A tactile understanding of the procedure translates into increased confidence for the surgeon going into that nonstandard operation, and, according to Dr. Meara, the 3-D-printed models also are useful inside the OR.^1,6 “Even in Violet’s case, there were times I would have someone bring the models over to me while operating just for me to take a look from different angles, to get my bearings in terms of where the orbit was, where the optic nerve was,” he said. “You might be making a bone cut that is five millimeters away from a fairly important anatomic structure, so it’s nice to have someone be able to spin that around in front of you to get a much clearer 3-D image in your head of what you need to do on the patient.”

As general surgery and the surgical subspecialties continue to move toward minimally invasive techniques and as these procedures become more sought after by patients, surgeons are facing new challenges that can be alleviated, in part, through 3-D modeling. “With the rising demand for minimally invasive procedures, surgeons are no longer able to fillet open the anatomy and see everything they need to,” said Dr. Woo. “Frequently, you are looking at the anatomy through a very tiny incision or through an unusual angle and with a limited view of what exactly is going on. With a 3-D model on hand, it really helps the surgeon get his or her bearings by having a millimeter-to-millimeter exact correlation from model to patient.” These models can also be sterilized so that the surgeon can manipulate the model on the operative field while performing the procedure.

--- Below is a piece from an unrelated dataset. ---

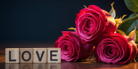 Three deep red roses are arranged with wooden blocks spelling LOVE on a polished wooden surface with a dark background.

Surgical education and training benefits

For surgeons—whether the user is an experienced surgeon, a resident, or a medical student—there is no replacement for the knowledge afforded by holding a solid object and understanding its nuances.

“We are a major teaching center, and education and training are typically at the core of what we do,” said Amar Singh, MD, FACS, a urologist with Erlanger Health System, Chattanooga, TN. “A very useful part of resident education is having [trainees] hold a model in their hands and look at the 3-D contour of the tumor and consider how they can approach it surgically.” Surgeons who have done thousands of organ-preserving kidney operations, for example, know the pitfalls of the procedure, “and communicating that knowledge base to a resident is so much easier when you have something tangible,” Dr. Singh said.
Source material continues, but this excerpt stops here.